Supplied information START

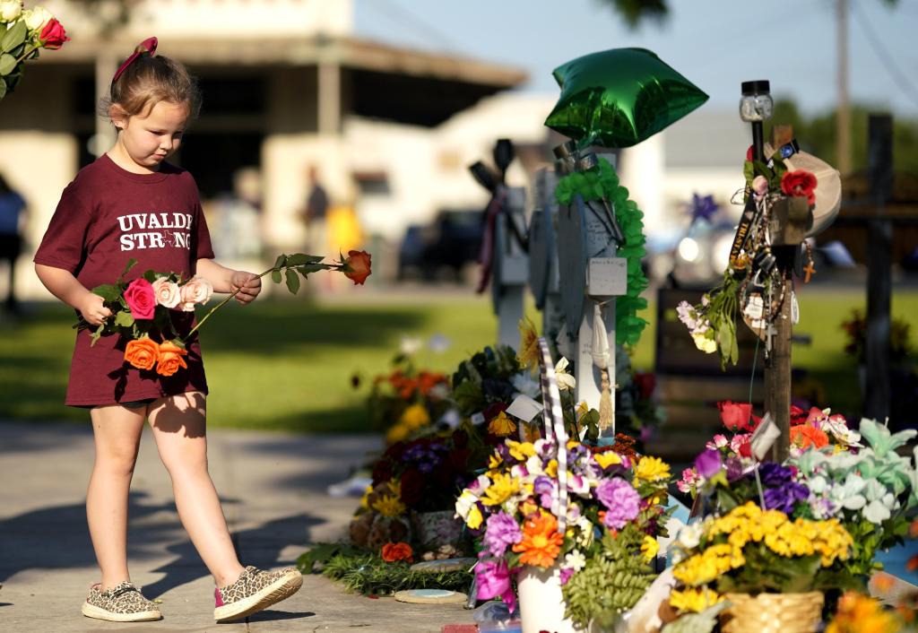 5月24日,在美国得克萨斯州小城尤瓦尔迪的广场上,一名女孩献上鲜花悼念校园枪击遇害者。当日是美国尤瓦尔迪大规模校园枪击事件一周年。2022年5月24日,19名学生和2名教师在尤瓦尔迪市罗布小学枪击事件中遇难。(新华社记者吴晓凌摄)
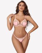 - Design: 2 Piece Lingerie set include mesh bra and panty with cute heart patched, Top features deep V neck, sheer cups, adjustable shoulder straps, sexy panty features a thong design, showing your unique attractive curve
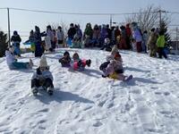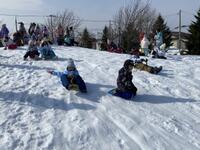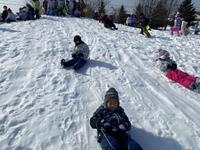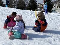 昨日からの暖気のため、雪山が少し小さくなっていましたが、子ども達は「そりが滑らない~」(雪の表面が固まるまでは滑りにくかったのです)とか、「いえ~い!」などと歓声をあげていました。何度も何度も登ったり滑ったりを繰り返し、全身で喜びを表現しながら滑っていることが、写真から伝わるでしょうか?
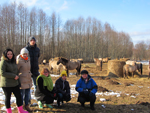 Netālajā aplokā pie siena ruļļiem gremoja neliels bariņš govju ar iespaidīgiem ragiem. Gide pastāstīja par likumiem ganāmpulkā un, ievērojot piesardzību, drīkstēja nedaudz pietuvoties dzīvniekiem. Tāpat nedaudz tālāk, citā aplokā savus sānus saulītē sildīja zirgu pulciņš. Te valda citi likumi un robežas ir iespaidīgi apzīmētas. Par tūristu bariņu ieinteresējās daži ērzeļi, bet ķēves ar dūšīgiem vēderiem noskatījās dīvainajos cilvēkos. Ķēvēm citas rūpes – gaidāmi piedzimstam šā gada pirmie kumeliņi. Pēc nelielās pastaigas iepazināmies ar bebra dzīves noslēpumiem un saimnieces mūs pacienāja ar siltu tēju un ievārījumu.
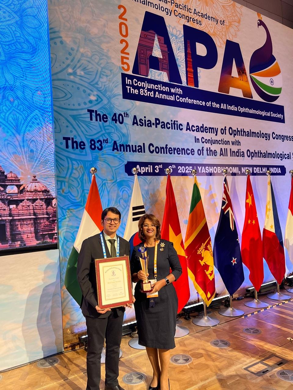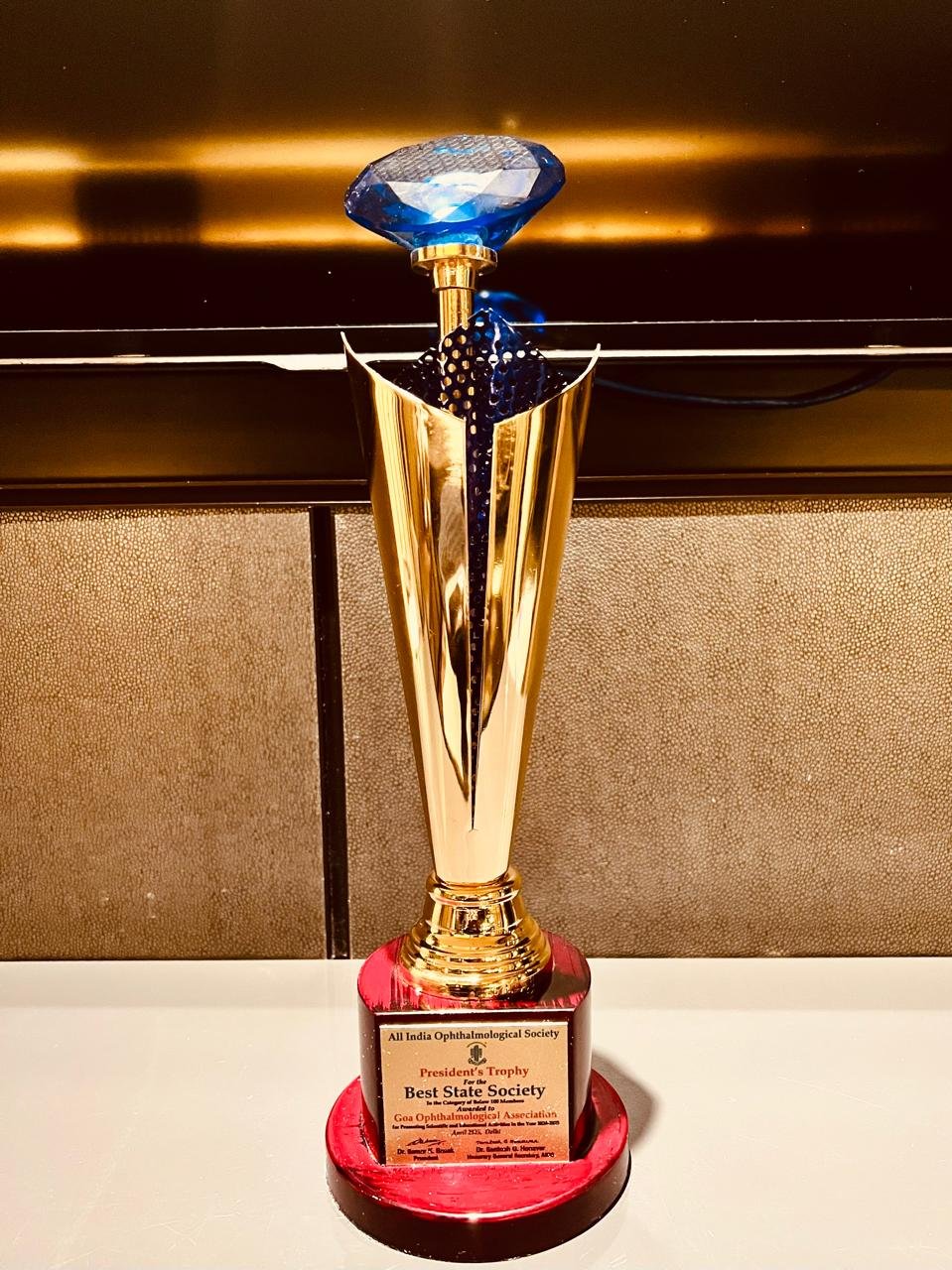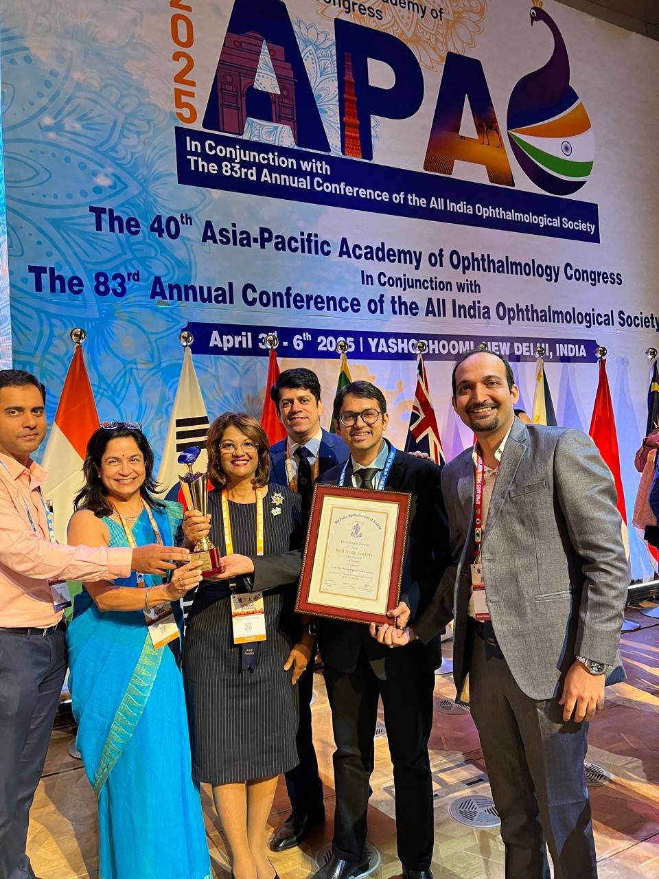 For the second time in a row Goa Ophthalmological Association was awarded with the Best State Society Award by the AIOS in the category of < 100 members for promoting scientific and educational activities in the year 2024-25.The award was received by Dr. Alethea Barbosa (President G.O.A.), Dr. Nikhil Kamat (Secretary G.O.A.) and Dr. Girish Velis (MC Member AIOS) on behalf of the association at the APAO - AIOS conference held in New Delhi in April 2025.
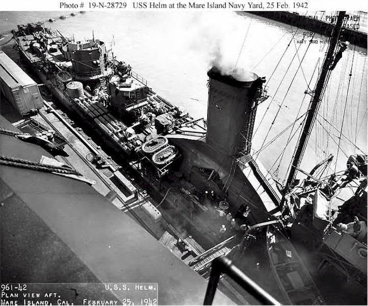 | 131k | Plan view, forward, taken at the Mare Island Navy Yard, California, on 25 February 1942. Photograph from the Bureau of Ships Collection in the U.S. National Archives. | Fred Weiss/Bill Gonyo |
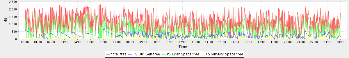 avg(total free) = 1159.41 avg(PS Old Gen free) = 260.83 avg(PS Eden Space free) = 759.44 avg(PS Survivor Space free) = 139.13
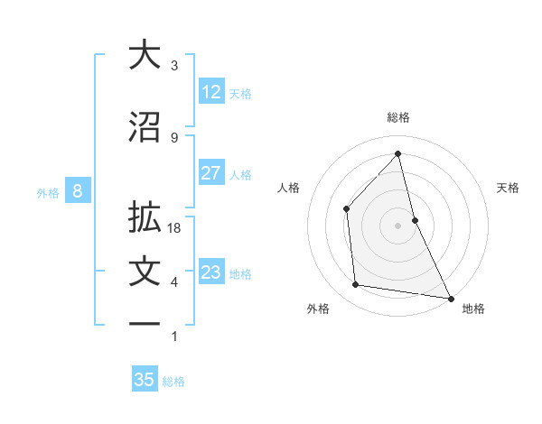 大沼 拡文一さんを姓名の画数から五運を鑑定
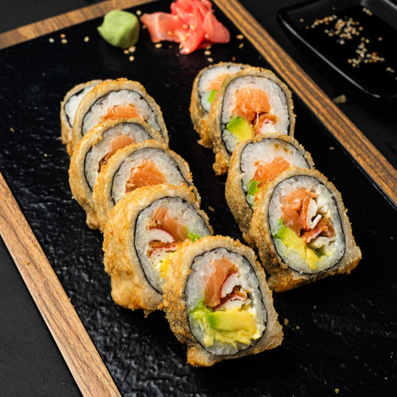 10 pz sushi apanado con salmón queso crema, aguacate , palmito y salsa teriyaki.
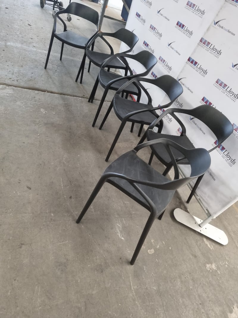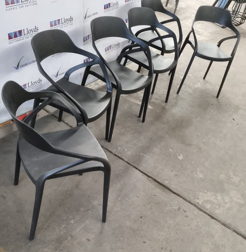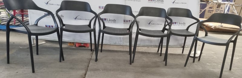 Outdoor chairs, black, durable Sold as lot Note: signs of wear
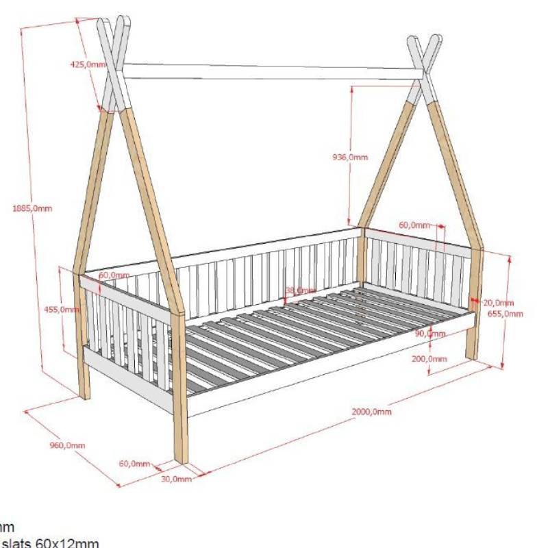 Valge ja naturaalse viimistlusega voodi on valmistatud vastupidavast männipuidust, mis tagab voodi pika eluea. Voodile sobib madrats mõõtudega 90×200 cm (madrats ei kuulu komplekti). Voodipõhi kuulub komplekti. Voodi maksimaalne kandevõime on kuni 75 kg. Voodi alla mahub ka voodialune kast, see tuleb soetada eraldi.

Supplied information END

> [What the exercise asks]:
Would you give the data above again word for word, skipping any images?

> [Result of the task]:
 5月24日,在美国得克萨斯州小城尤瓦尔迪的广场上,一名女孩献上鲜花悼念校园枪击遇害者。当日是美国尤瓦尔迪大规模校园枪击事件一周年。2022年5月24日,19名学生和2名教师在尤瓦尔迪市罗布小学枪击事件中遇难。(新华社记者吴晓凌摄)
 - Design: 2 Piece Lingerie set include mesh bra and panty with cute heart patched, Top features deep V neck, sheer cups, adjustable shoulder straps, sexy panty features a thong design, showing your unique attractive curve
 昨日からの暖気のため、雪山が少し小さくなっていましたが、子ども達は「そりが滑らない~」(雪の表面が固まるまでは滑りにくかったのです)とか、「いえ~い!」などと歓声をあげていました。何度も何度も登ったり滑ったりを繰り返し、全身で喜びを表現しながら滑っていることが、写真から伝わるでしょうか?
 Netālajā aplokā pie siena ruļļiem gremoja neliels bariņš govju ar iespaidīgiem ragiem. Gide pastāstīja par likumiem ganāmpulkā un, ievērojot piesardzību, drīkstēja nedaudz pietuvoties dzīvniekiem. Tāpat nedaudz tālāk, citā aplokā savus sānus saulītē sildīja zirgu pulciņš. Te valda citi likumi un robežas ir iespaidīgi apzīmētas. Par tūristu bariņu ieinteresējās daži ērzeļi, bet ķēves ar dūšīgiem vēderiem noskatījās dīvainajos cilvēkos. Ķēvēm citas rūpes – gaidāmi piedzimstam šā gada pirmie kumeliņi. Pēc nelielās pastaigas iepazināmies ar bebra dzīves noslēpumiem un saimnieces mūs pacienāja ar siltu tēju un ievārījumu.
 For the second time in a row Goa Ophthalmological Association was awarded with the Best State Society Award by the AIOS in the category of < 100 members for promoting scientific and educational activities in the year 2024-25.The award was received by Dr. Alethea Barbosa (President G.O.A.), Dr. Nikhil Kamat (Secretary G.O.A.) and Dr. Girish Velis (MC Member AIOS) on behalf of the association at the APAO - AIOS conference held in New Delhi in April 2025.
 | 131k | Plan view, forward, taken at the Mare Island Navy Yard, California, on 25 February 1942. Photograph from the Bureau of Ships Collection in the U.S. National Archives. | Fred Weiss/Bill Gonyo |
 avg(total free) = 1159.41 avg(PS Old Gen free) = 260.83 avg(PS Eden Space free) = 759.44 avg(PS Survivor Space free) = 139.13
 大沼 拡文一さんを姓名の画数から五運を鑑定
 10 pz sushi apanado con salmón queso crema, aguacate , palmito y salsa teriyaki.
 Outdoor chairs, black, durable Sold as lot Note: signs of wear
 Valge ja naturaalse viimistlusega voodi on valmistatud vastupidavast männipuidust, mis tagab voodi pika eluea. Voodile sobib madrats mõõtudega 90×200 cm (madrats ei kuulu komplekti). Voodipõhi kuulub komplekti. Voodi maksimaalne kandevõime on kuni 75 kg. Voodi alla mahub ka voodialune kast, see tuleb soetada eraldi.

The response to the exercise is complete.